None of this resolved the validation issue.
Did you spot the issue yet?
If you guessed the file was too short, you are an excellent debugger! For those that just want to enjoy the show, I tried adding a second line to the file as follows:
{"prompt": "How is the weather today? PROMPT_STOP", "completion": " I stuck my head out the window and froze my ears off. It's -20 degrees celcius, or -45 with the windchill! What did you expect in a Canadian winter, eh?"}
{"prompt": "How's today's weather looking? PROMPT_STOP", "completion": " Whew, I wish you waited until it was warmer before asking. I bundled up in my mittens and touque and darm near didn't make it back alive. It's -25 degrees celcius now, or -50 with the windchill! Even worse than yesterday. We should visit California today, eh?"}
And now openai tools fine_tunes.prepare_data -f ./canadian-weather-multiline.jsonl
was happy and provided some good feedback on this file.

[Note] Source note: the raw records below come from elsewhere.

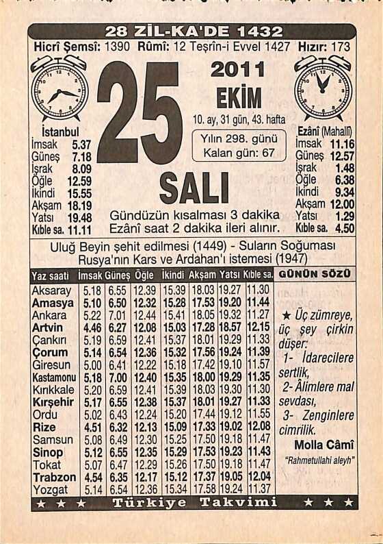 25 Ekim 2011 Takvim Yaprağı - Doğum Günü Hediyesi EFMN15295
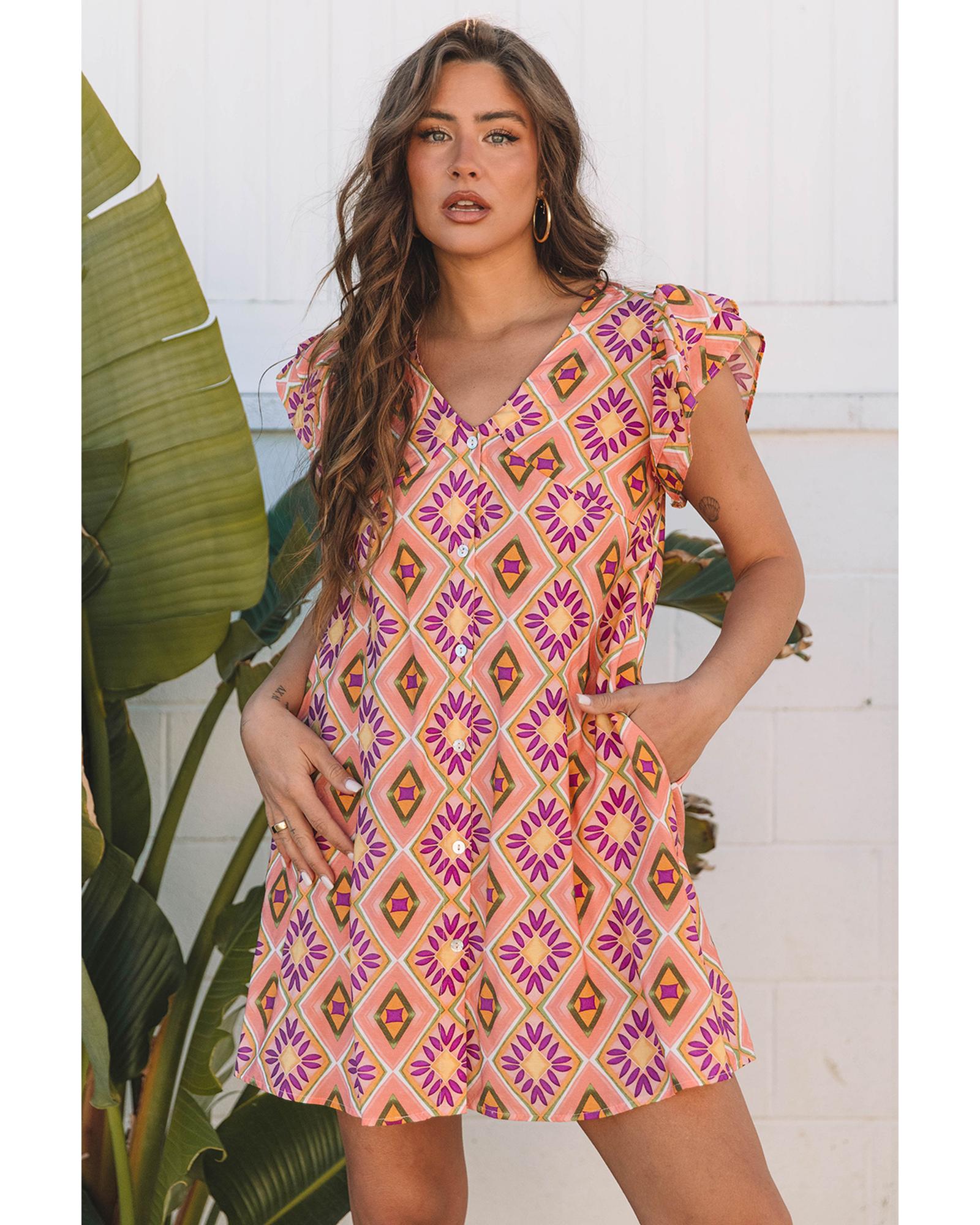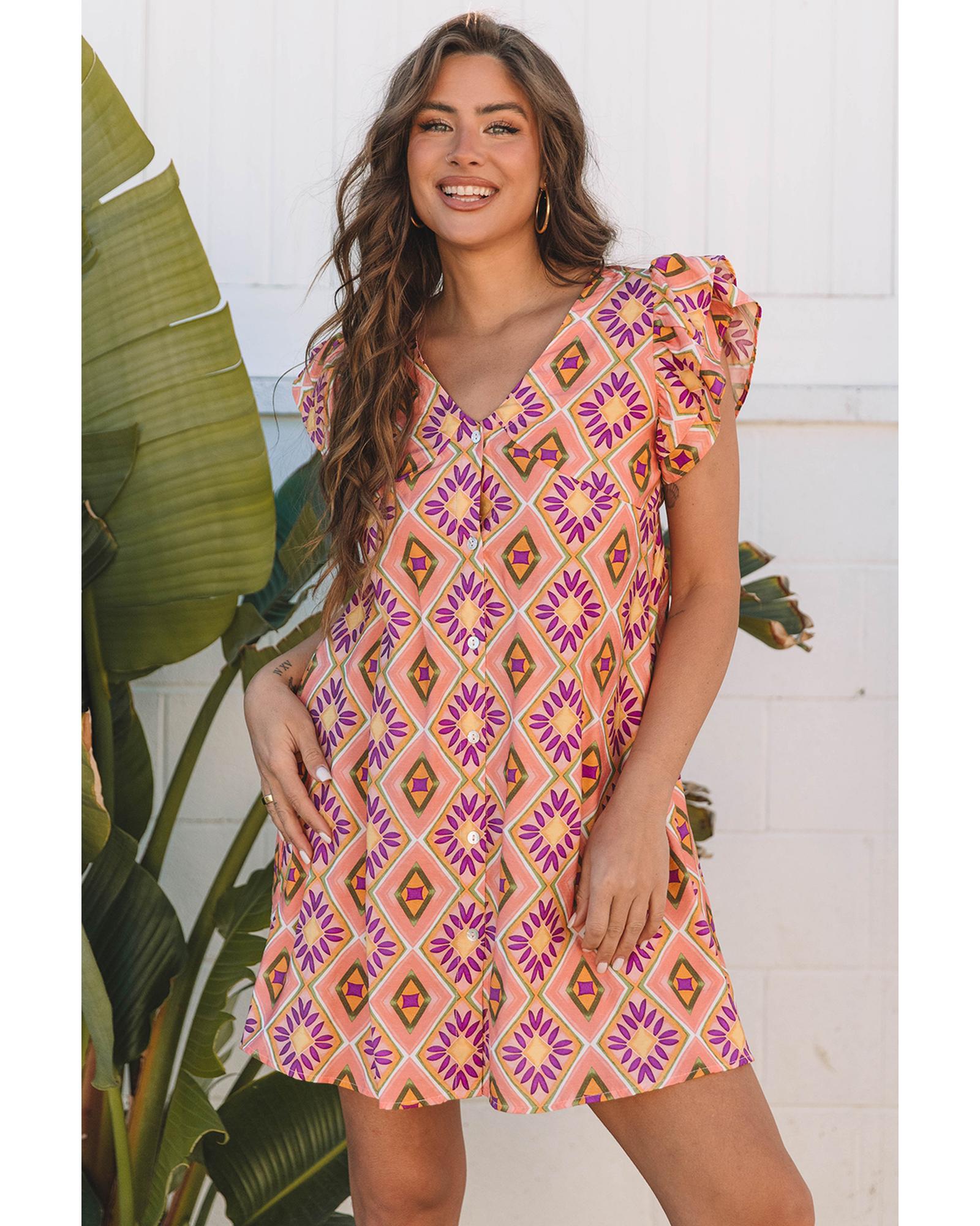 This mini dress features a stylish V neck design complemented by an elegant geometric floral pattern. The dress is crafted with a flattering fit and detailed with a buttoned front, adding a sophisticated touch. Ruffled sleeves provide a playful and feminine accent, making it suitable for various occasions.
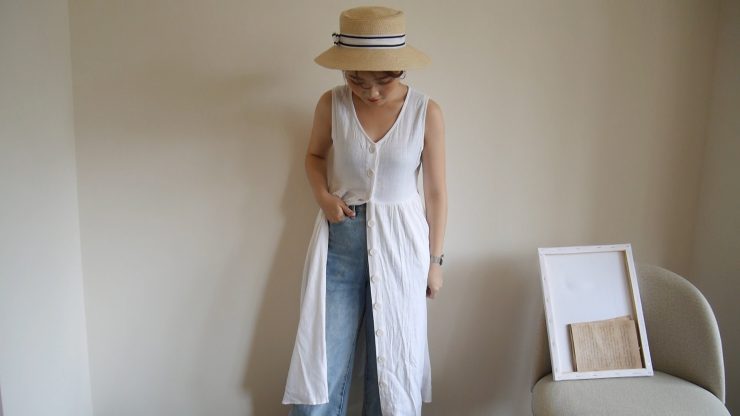 最近很流行長版洋裝下搭牛仔褲這樣隨性,又有點慵懶得搭配,不過不是每個長版T都很適合,要選擇有「開衩」設計的,才會有種率性感,也可以視覺延伸腿長,不然反而會壓垮比例。像我這件是白色背心裙,不過它中間有排釦設計,所以把下方幾顆釦子打開,就可以有開衩的效果。再配上漁夫帽,整個夏日氣息濃厚,穿起來也很舒心消暑~
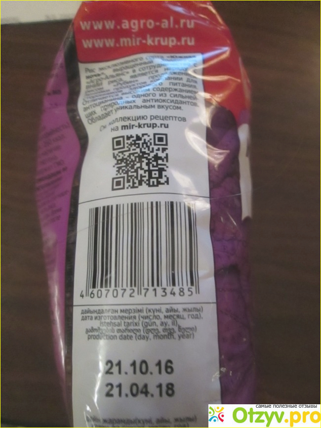Вид пачки с обратной стороны, выращен он в России! У нас не самая рисовая страна, но около Краснодара и озера Ханко что-то растет. С гордостью сообщили что нет ГМО в нем.
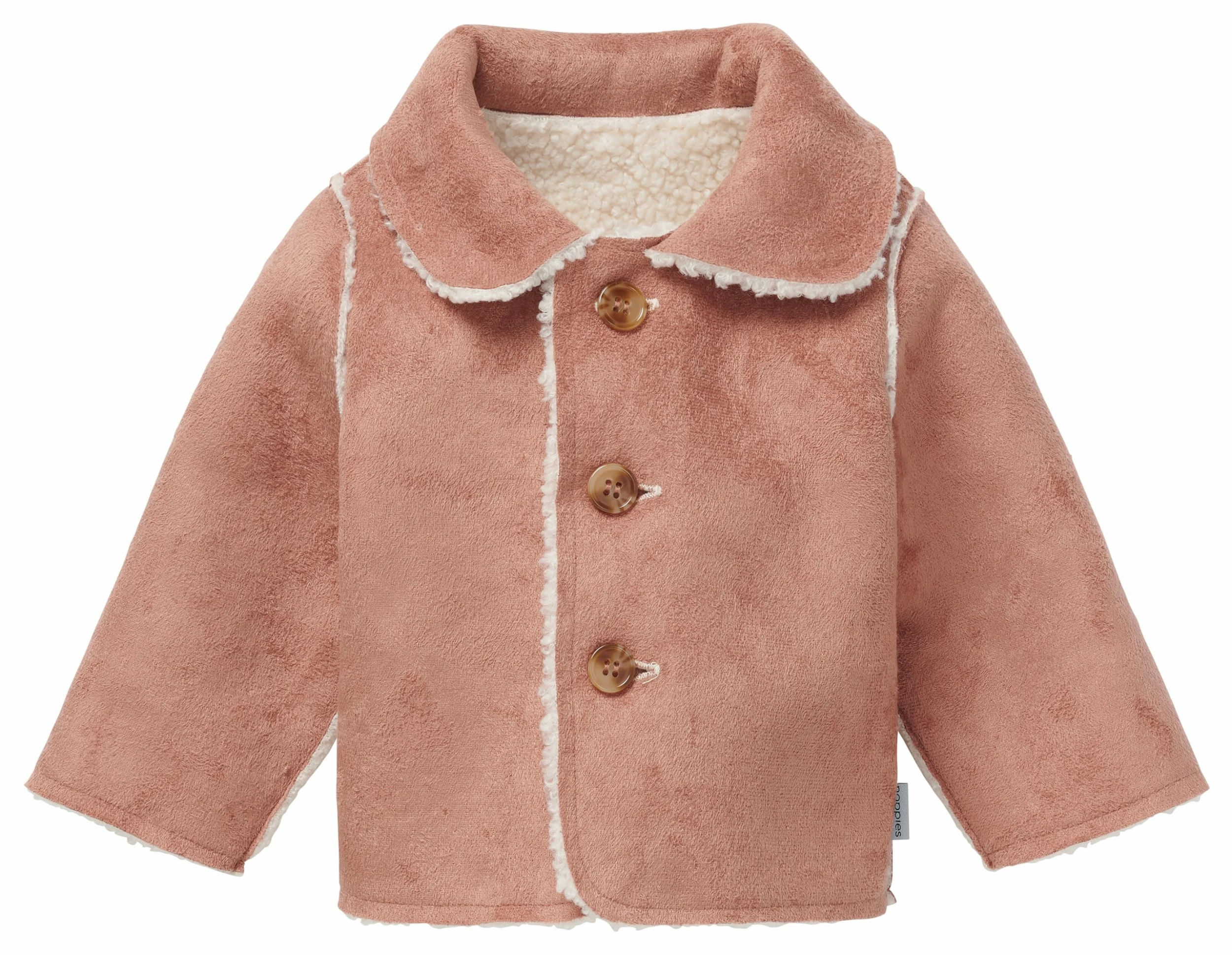 Trendiges Baby? Dann ist diese Jacke, die beidseitig getragen werden kann, ein Muss. Die eine Seite hat eine Wildlederoptik und die andere ist aus weichem Teddy, was gefällt Ihnen am besten?Die Jacke Lucena von Noppies Baby hat Knöpfe und einen Kragen. Es ist wunderbar weich und warm und kann mit allem kombiniert werden!

❯ openai tools fine_tunes.prepare_data -f ./canadian-weather-multiline.jsonl
Analyzing...
- Your file contains 2 prompt-completion pairs. In general, we recommend having at least a few hundred examples. We've found that performance tends to linearly increase for every doubling of the number of examples
- More than a third of your `prompt` column/key is uppercase. Uppercase prompts tends to perform worse than a mixture of case encountered in normal language. We recommend to lower case the data if that makes sense in your domain. See https://beta.openai.com/docs/guides/fine-tuning/preparing-your-dataset for more details
- All prompts end with suffix `? PROMPT_STOP`. This suffix seems very long. Consider replacing with a shorter suffix, such as ` ->`
- All prompts start with prefix `How`
- All completions end with suffix `, eh?`
Based on the analysis we will perform the following actions:
- [Recommended] Lowercase all your data in column/key `prompt` [Y/n]:
After making the recommended changes I ended up with this dataset file:
{"prompt": "How is the weather today? ->", "completion": " I stuck my head out the window and froze my ears off. It's -20 degrees celcius, or -45 with the windchill! What did you expect in a Canadian winter, eh?"}
{"prompt": "How's today's weather looking? ->", "completion": " Whew, I wish you waited until it was warmer before asking. I bundled up in my mittens and touque and darm near didn't make it back alive. It's -25 degrees celcius now, or -50 with the windchill! Even worse than yesterday. We should visit California today, eh friend?"}
This passed all the checks so I’ve proceeded to the fine_tunes.create
step for creating my Bob & Doug Mckenzie weather service.
Hopefully this saves others some trouble and provides some additional perspective to the validation team. Starting with a single prompt seemed like a great starting point before scaling things up. It wasn’t a bad idea, but for now at least, start with two entries.